═══ Input for this task ═══
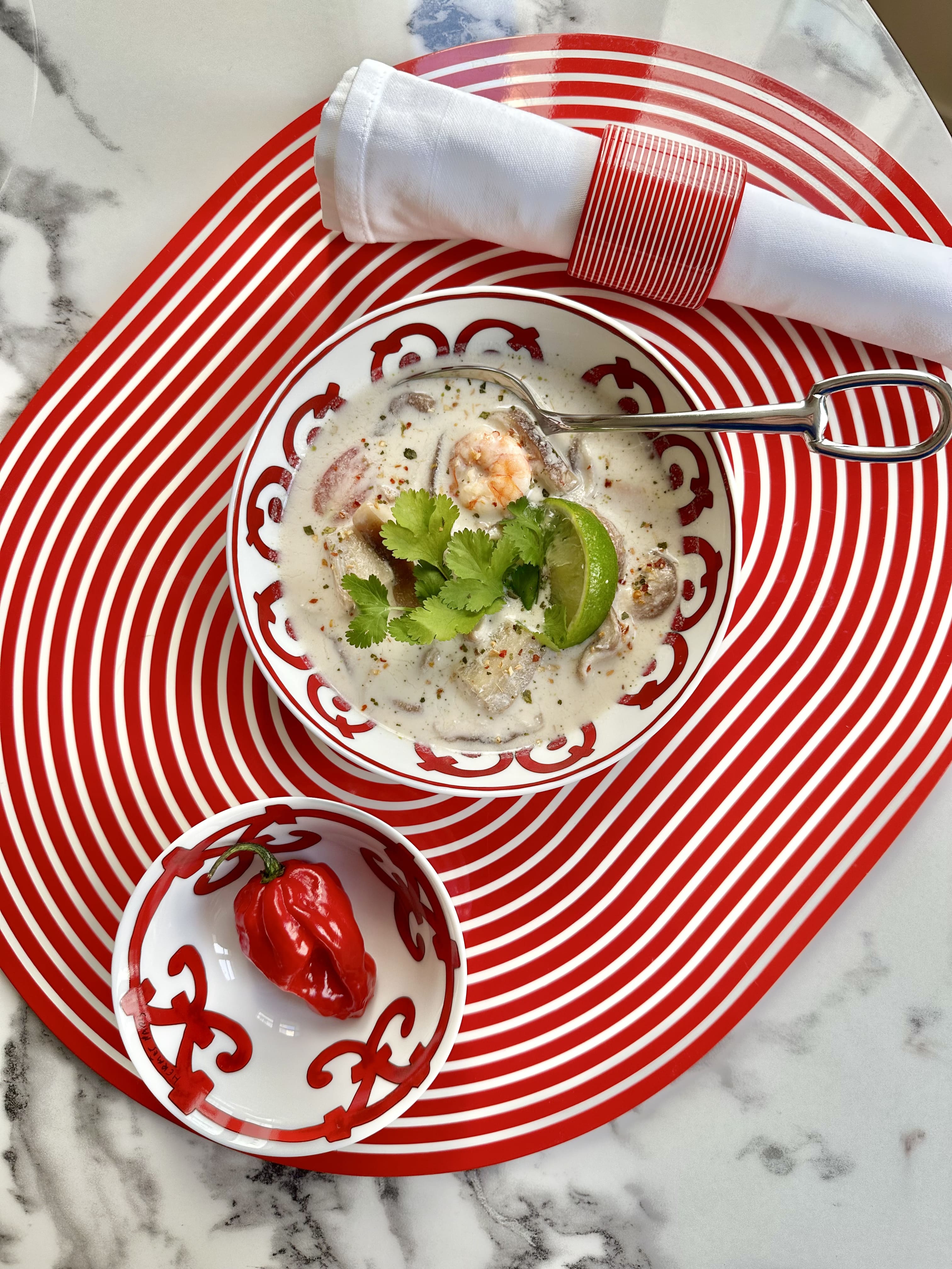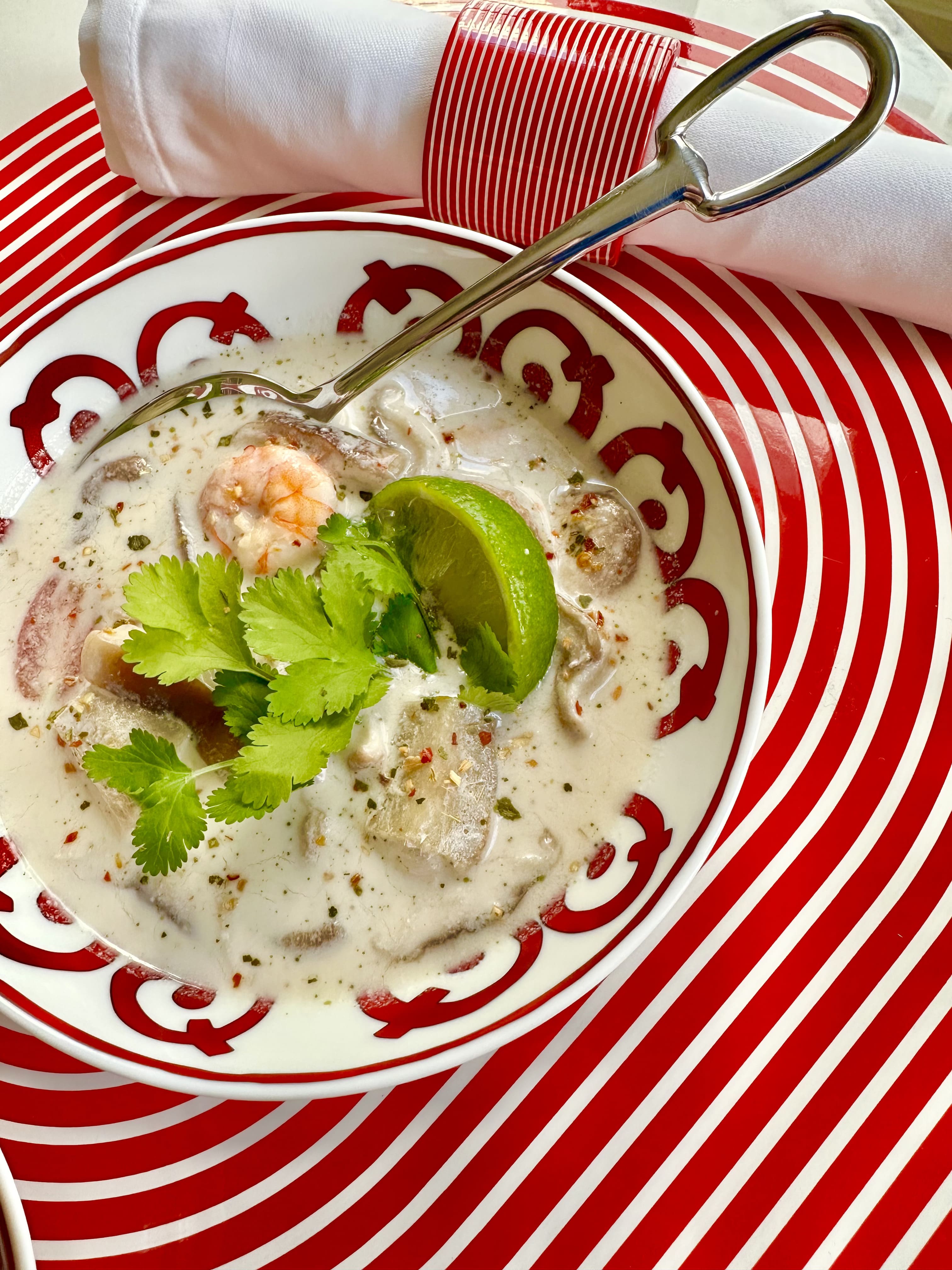 Мій улюблений тайський суп ідеальний для пори, коли не знаєш чого хочеться. Він поєднує всі смаки: гострота чилі, солодощі кокосового молока, солоність рибного соусу, кислота лайма та пряність галангалу, листя кафiрського лайма та стебелю лемонограсу. Не варто боятися страшних назв, усі ці продукти доступні в азіатських відділах супермаркетів.
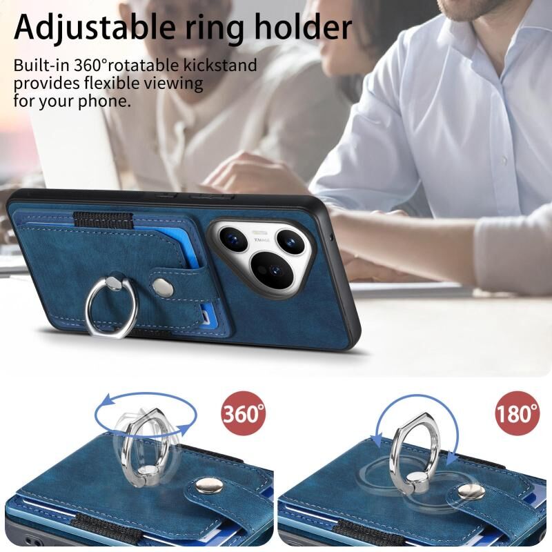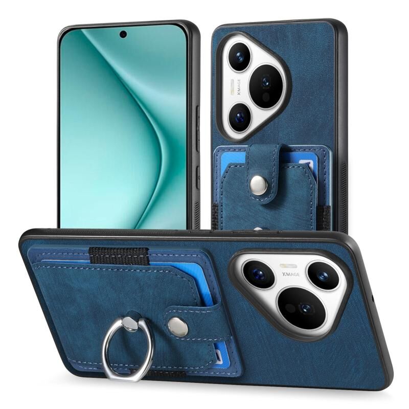 Για Huawei Pura 70 Pro + Ρετρό δέρμα-συναίσθημα δαχτυλίδι κάρτα πορτοφόλι τηλέφωνο υπόθεση (Μπλε)
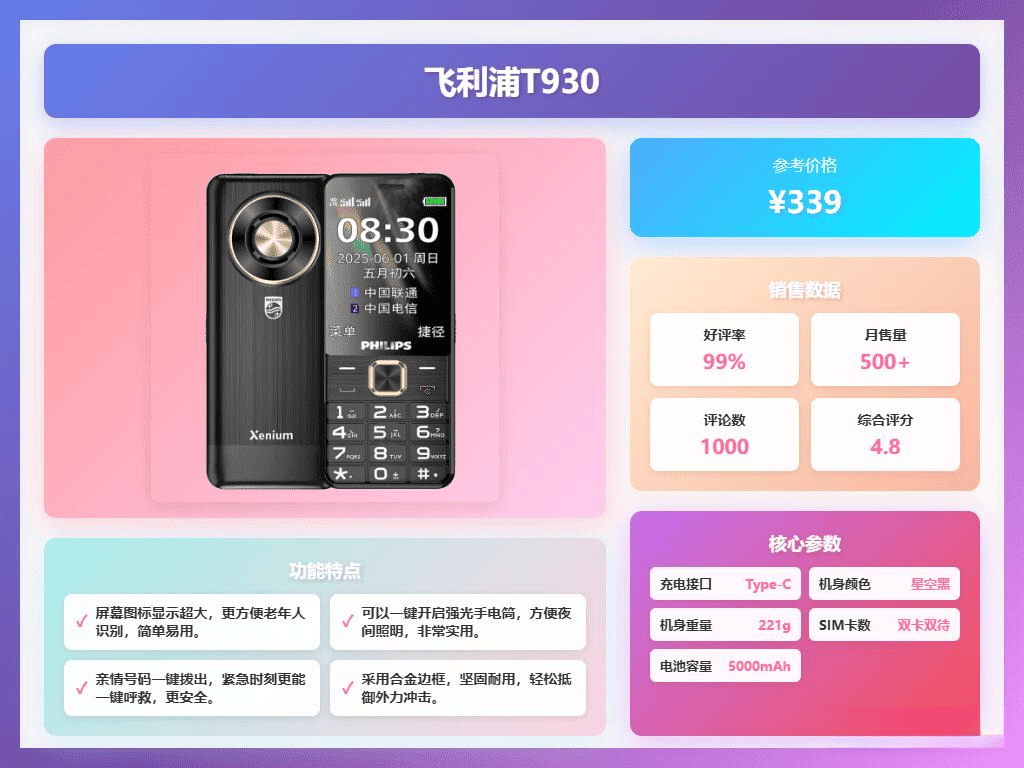 超长待机:飞利浦T930手机的待机能力令人惊叹,最高可达到120天,基本上不需要频繁充电,出门在外也能让人更加安心。
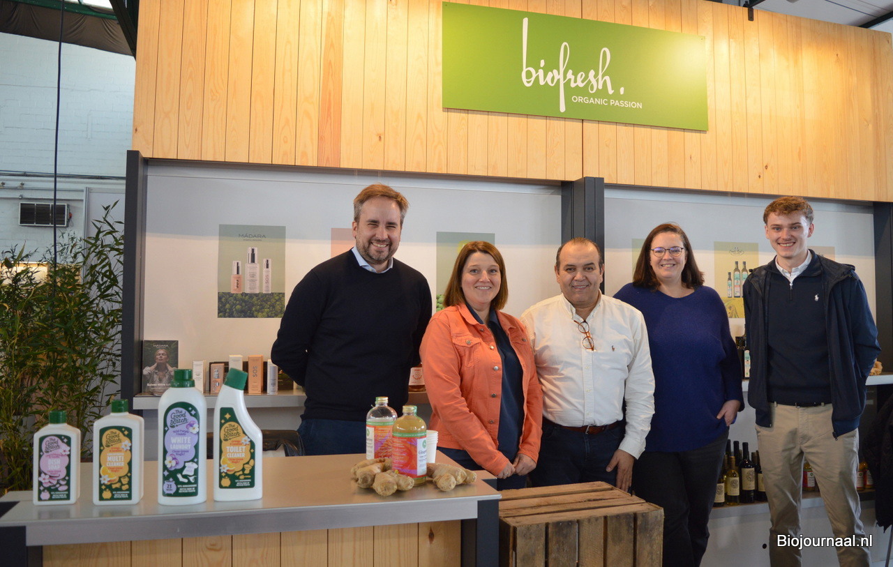 Bij Biofresh: Luc Dossche, Wendy Soli, Abdel El Hosni, Emilie Ghobert en Rodolphe Tramasure. Nieuw is onder meer het merk GingerJoy, exclusief voor de natuurvoedingshandel. En links op de voorgrond staat het door Udea ontwikkelde schoonmaakmerk The Good Witch, dat op de Biofach gelanceerd werd.
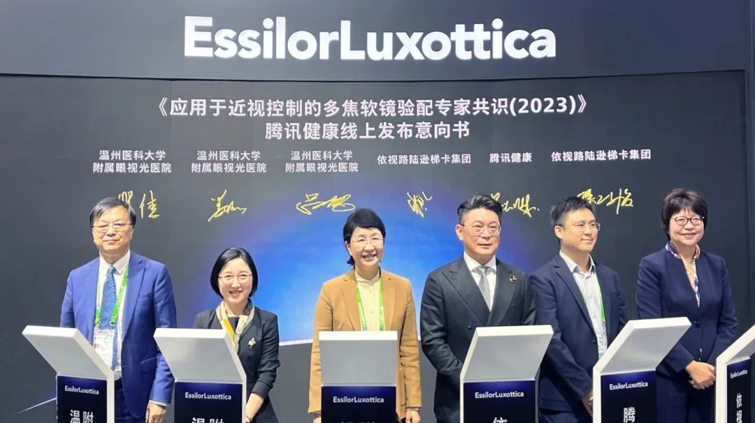 11月6日,在2023年第六届中国国际进口博览会上,腾讯健康携手依视路陆逊梯卡集团线上首发《应用于近视控制的多焦软镜验配专家共识》,并发布科普系列视频,邀请来自全国权威眼视光专家对共识进行专业解读和相关防控知识科普,助力行业规范发展,推动公众尤其是儿童青少年的眼健康知识普及和认知水平提升。
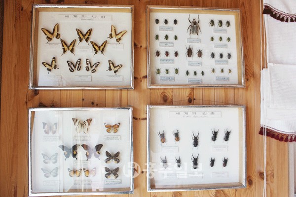 특히 펜션농장의 또 다른 특징은 다양한 곤충 표본과 사진도 마련돼 있어 아이들의 흥미를 더욱 끈다는 점이다. 쉽게 찾아보기 어려운 물방개나 전갈 같은 곤충 표본과 사진부터 나비, 장수풍뎅이 등의 성장과정 등이 표본으로 갖춰져 있는 것이 특징이다.
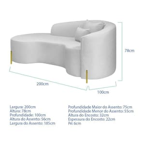 Especificações Técnicas do Divã Recamier Curvo Inglaterra:
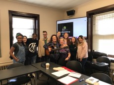 Dr. Evelyne Accad, Lebanese author, activist, composer and professor emerita of the University of Illinois (Urbana-Champaign) visited Prof. Cynthia Hahn’s French 212, 330 and 460 classes this April, to discuss her novels and short stories regarding the condition of women in the Middle East, North Africa, Europe and the U.S. Accad related her challenges in supporting a shelter for abused women with her sister in Beirut, Lebanon, and also spoke about the current Syrian refugee situation there and her family’s involvement in providing humanitarian aid and education to refugee children living in the capital.
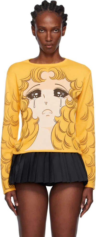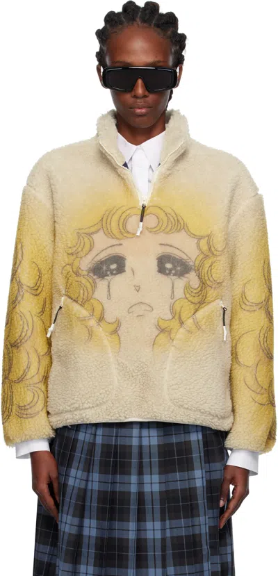 Yellow & Beige Crying Girl Half Zip Up Fleece Sweater In Multi
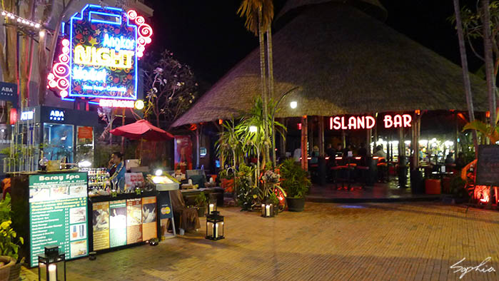 Noon Night Market 對面有另一個吳哥夜市 (Angkor Night Market),是新成立的夜市,裡頭有新裝璜好的餐廳、酒吧跟紀念品店,整體感覺很像美國常見到的郊區商場,而可能是因為感覺很不在地不夠傳統吧,所以裡頭冷冷清清的,只有幾個人在裡頭慵懶地走著。包含我。
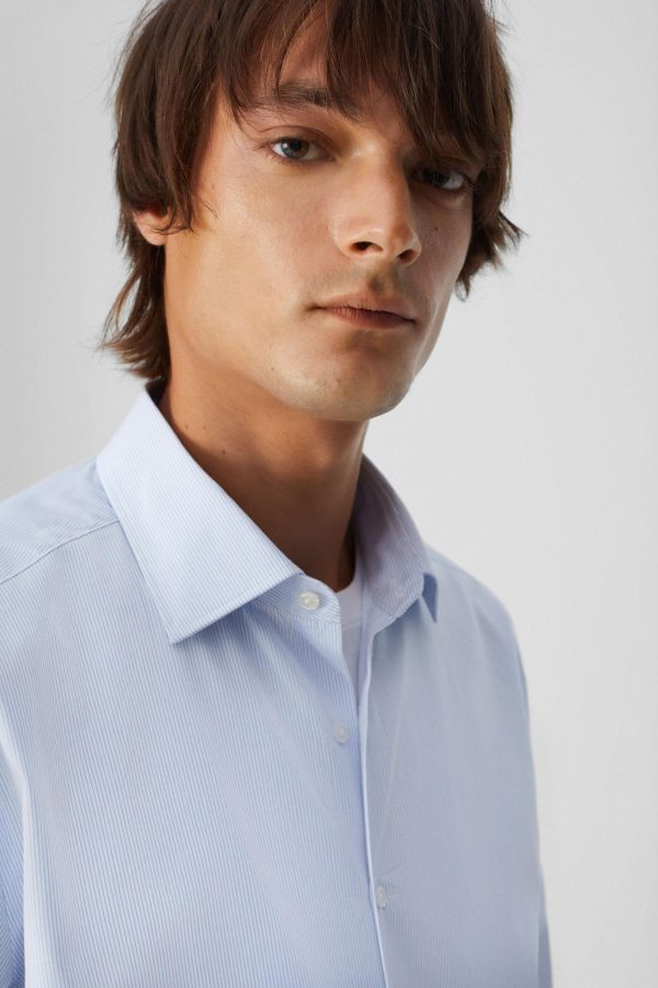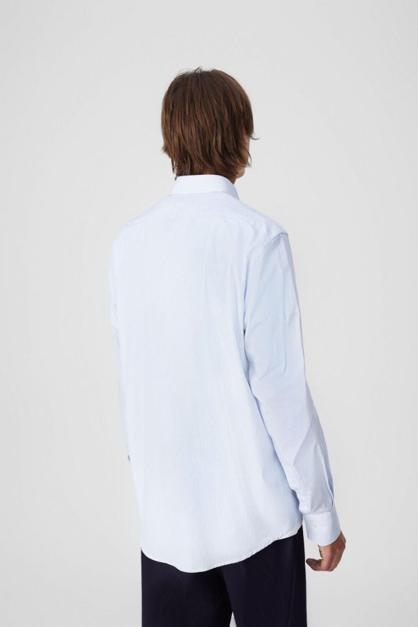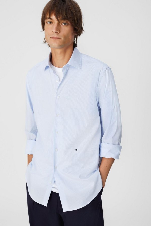 Camisa regular fit con diseño mil rayas de algodón. Cuello italiano, puño simple y logo de cubo bordado en el bajo. El modelo mide 186 cm y lleva una talla 3.
═══
Please return the records above exactly as written, dropping every picture.

> **Output below**:
 Мій улюблений тайський суп ідеальний для пори, коли не знаєш чого хочеться. Він поєднує всі смаки: гострота чилі, солодощі кокосового молока, солоність рибного соусу, кислота лайма та пряність галангалу, листя кафiрського лайма та стебелю лемонограсу. Не варто боятися страшних назв, усі ці продукти доступні в азіатських відділах супермаркетів.
 Για Huawei Pura 70 Pro + Ρετρό δέρμα-συναίσθημα δαχτυλίδι κάρτα πορτοφόλι τηλέφωνο υπόθεση (Μπλε)
 超长待机:飞利浦T930手机的待机能力令人惊叹,最高可达到120天,基本上不需要频繁充电,出门在外也能让人更加安心。
 Bij Biofresh: Luc Dossche, Wendy Soli, Abdel El Hosni, Emilie Ghobert en Rodolphe Tramasure. Nieuw is onder meer het merk GingerJoy, exclusief voor de natuurvoedingshandel. En links op de voorgrond staat het door Udea ontwikkelde schoonmaakmerk The Good Witch, dat op de Biofach gelanceerd werd.
 11月6日,在2023年第六届中国国际进口博览会上,腾讯健康携手依视路陆逊梯卡集团线上首发《应用于近视控制的多焦软镜验配专家共识》,并发布科普系列视频,邀请来自全国权威眼视光专家对共识进行专业解读和相关防控知识科普,助力行业规范发展,推动公众尤其是儿童青少年的眼健康知识普及和认知水平提升。
 특히 펜션농장의 또 다른 특징은 다양한 곤충 표본과 사진도 마련돼 있어 아이들의 흥미를 더욱 끈다는 점이다. 쉽게 찾아보기 어려운 물방개나 전갈 같은 곤충 표본과 사진부터 나비, 장수풍뎅이 등의 성장과정 등이 표본으로 갖춰져 있는 것이 특징이다.
 Especificações Técnicas do Divã Recamier Curvo Inglaterra:
 Dr. Evelyne Accad, Lebanese author, activist, composer and professor emerita of the University of Illinois (Urbana-Champaign) visited Prof. Cynthia Hahn’s French 212, 330 and 460 classes this April, to discuss her novels and short stories regarding the condition of women in the Middle East, North Africa, Europe and the U.S. Accad related her challenges in supporting a shelter for abused women with her sister in Beirut, Lebanon, and also spoke about the current Syrian refugee situation there and her family’s involvement in providing humanitarian aid and education to refugee children living in the capital.
 Yellow & Beige Crying Girl Half Zip Up Fleece Sweater In Multi
 Noon Night Market 對面有另一個吳哥夜市 (Angkor Night Market),是新成立的夜市,裡頭有新裝璜好的餐廳、酒吧跟紀念品店,整體感覺很像美國常見到的郊區商場,而可能是因為感覺很不在地不夠傳統吧,所以裡頭冷冷清清的,只有幾個人在裡頭慵懶地走著。包含我。
 Camisa regular fit con diseño mil rayas de algodón. Cuello italiano, puño simple y logo de cubo bordado en el bajo. El modelo mide 186 cm y lleva una talla 3.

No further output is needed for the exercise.